Machine Learning with Tensor and Python
===

These are JulianNF's notes from following [freecodecamp's online Machine Learning with Python certification](https://www.freecodecamp.org/learn/machine-learning-with-python), and supplemented by [Google's Tensorflow documentation](https://www.tensorflow.org/guide/tensor)

Feel free to benefit from them if you're studying on your own.

---

In [9]:
# Required in notebook:
%pip install -q sklearn
%tensorflow_version 2.x

Note: you may need to restart the kernel to use updated packages.


UsageError: Line magic function `%tensorflow_version` not found.


In [1]:
from __future__ import absolute_import, division, print_function, unicode_literals
import pandas as pd # library for data manipulation
# import numpy as np # library for handling arrays better
# import matplotlib.pyplot as plt # library for graphing

import tensorflow as tf

## (Data prepared in previous module)

In [3]:
training_dataframe = pd.read_csv(	'https://storage.googleapis.com/tf-datasets/titanic/train.csv')
testing_dataframe = pd.read_csv(	'https://storage.googleapis.com/tf-datasets/titanic/eval.csv')

training_survived = training_dataframe.pop('survived')
testing_survived = testing_dataframe.pop('survived')

CATEGORICAL_COLUMNS = [
	'sex',
	'n_siblings_spouses',
	'parch',
	'class',
	'deck',
	'embark_town',
	'alone'
]

NUMERIC_COLUMNS = [
	'age',
	'fare'
]

feature_columns = []

for feature_name in CATEGORICAL_COLUMNS:
	vocabulary = training_dataframe[feature_name].unique() # get all unique possible values (aka categories) in the given column
	feature_columns.append(
		tf.feature_column.categorical_column_with_vocabulary_list(feature_name, vocabulary)
	)
# print(feature_columns)

for feature_name in NUMERIC_COLUMNS:
	feature_columns.append(
		tf.feature_column.numeric_column(feature_name, dtype=tf.float32)
	)
print(feature_columns)


[VocabularyListCategoricalColumn(key='sex', vocabulary_list=('male', 'female'), dtype=tf.string, default_value=-1, num_oov_buckets=0), VocabularyListCategoricalColumn(key='n_siblings_spouses', vocabulary_list=(1, 0, 3, 4, 2, 5, 8), dtype=tf.int64, default_value=-1, num_oov_buckets=0), VocabularyListCategoricalColumn(key='parch', vocabulary_list=(0, 1, 2, 5, 3, 4), dtype=tf.int64, default_value=-1, num_oov_buckets=0), VocabularyListCategoricalColumn(key='class', vocabulary_list=('Third', 'First', 'Second'), dtype=tf.string, default_value=-1, num_oov_buckets=0), VocabularyListCategoricalColumn(key='deck', vocabulary_list=('unknown', 'C', 'G', 'A', 'B', 'D', 'F', 'E'), dtype=tf.string, default_value=-1, num_oov_buckets=0), VocabularyListCategoricalColumn(key='embark_town', vocabulary_list=('Southampton', 'Cherbourg', 'Queenstown', 'unknown'), dtype=tf.string, default_value=-1, num_oov_buckets=0), VocabularyListCategoricalColumn(key='alone', vocabulary_list=('n', 'y'), dtype=tf.string, def

## Batches
Typically, the size of our datasets is quite large, and most training processes would not be able to run all the data at once on RAM. We therefore feed our data to our model in smaller batches.

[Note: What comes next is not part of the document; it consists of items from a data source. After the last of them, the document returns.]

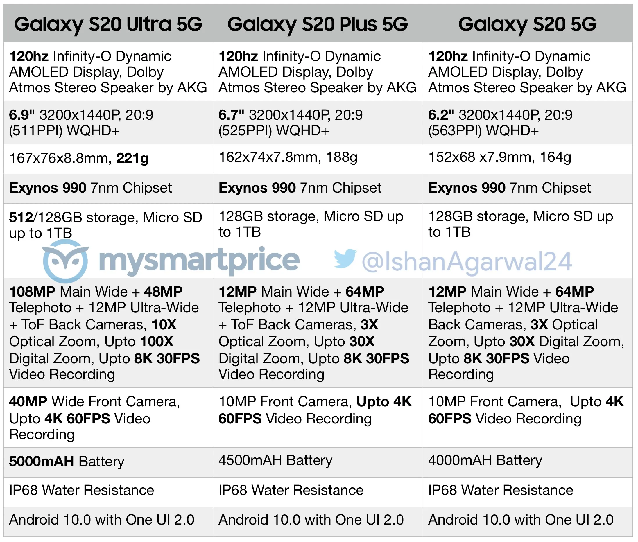 1月18日消息,mysmartprice公布了Galaxy S20系列的完整规格。Galaxy S20系列包含Galaxy S20 Ultra、Galaxy S20 Plus和Galaxy S20等,三款都提供5G版本,其中Galaxy S20 Ultra有且仅有5G版本。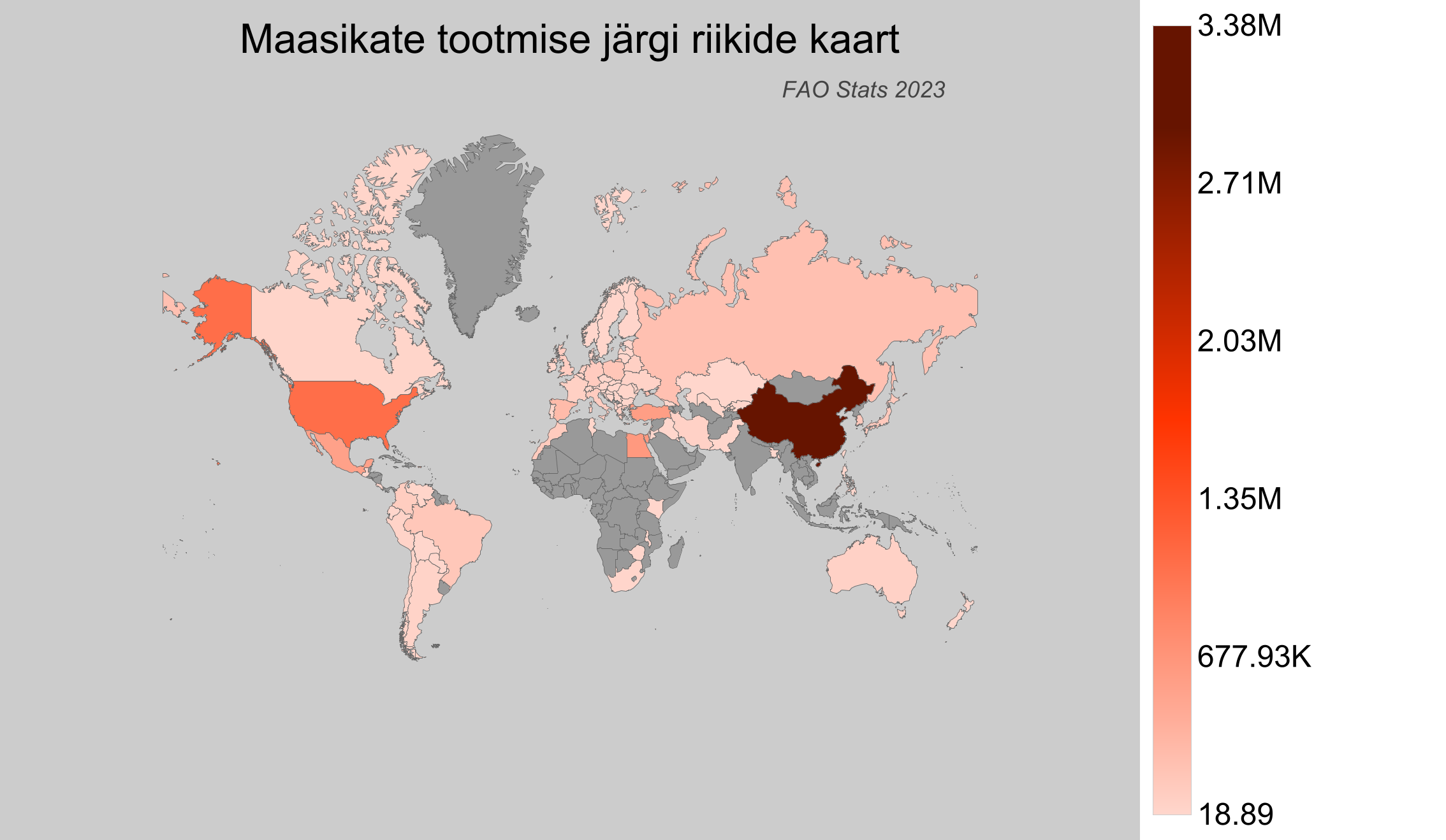 Maasikad on maitsev ja populaarne puuvili, millel on olulised turuväärtused ja tervisele kasulikud omadused. Need sobivad hästi mitmesugustes kliimatingimustes, kuid eelistavad parasvöötmelist kliimat. Mis muudab maasikad eriti atraktiivseks, on nende kohandumisvõime ja laialdane kasvatamine üle maailma. Antud andmed aastaks 2023 pärinevad toidu- ja põllumajandusorganisatsiooni (FAO) statistikabaasist, mis on värskeim andmestik saadaval aastaks 2025.
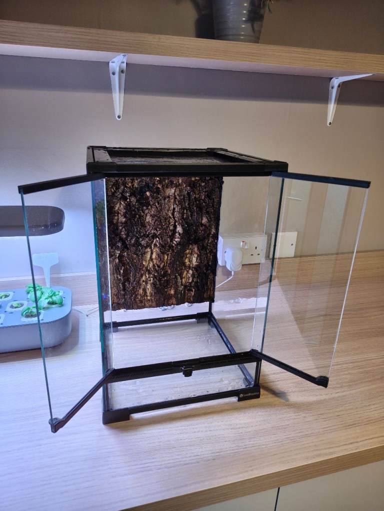 Terrarium 30x30x45, in excellent condition. Lid can hinge, be removed easily, no damage.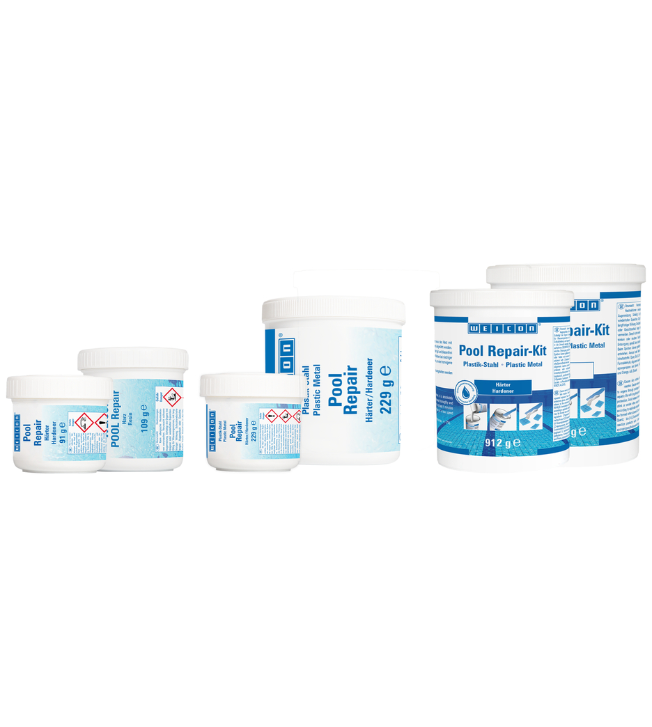WEICON Súprava na opravu bazénov je vhodná najmä na rýchle opravy pod vodou. Veľmi dobrá priľnavosť umožňuje spracovanie na mokrých povrchoch. Rýchle vytvrdzovanie podporuje napríklad opravy obkladačiek, dlaždíc a mozaiky.

In this course, we're going to load the data in batches of 32 data points. Notes that feeding data to our model 1 data point at a time would actually be slower than doing it in "bit size chunks".

## Epochs
As we feed more and more batches of data into our model, it will improve. However, we need to feed the data multiple times so that the model can process all data points alongside all the other data points. 

❓TBC - sounds like the number of epochs is related to all the permutations required so that all the data points have been processed alongside all the other datapoints.

Each epoch is therefore equal to one complete stream of our data. The number of epochs we feed into our model will be equal to the number of times that our model sees the complete data set.

❓TBC - An epoch is therefore "one round of training"?

## Input Function
Before we start training our model, we need to convert our Pandas dataframe into a TensorFlow dataset (`tf.data.Dataset`). To do this, we need to create an input function, whose job it will be to handle the conversion.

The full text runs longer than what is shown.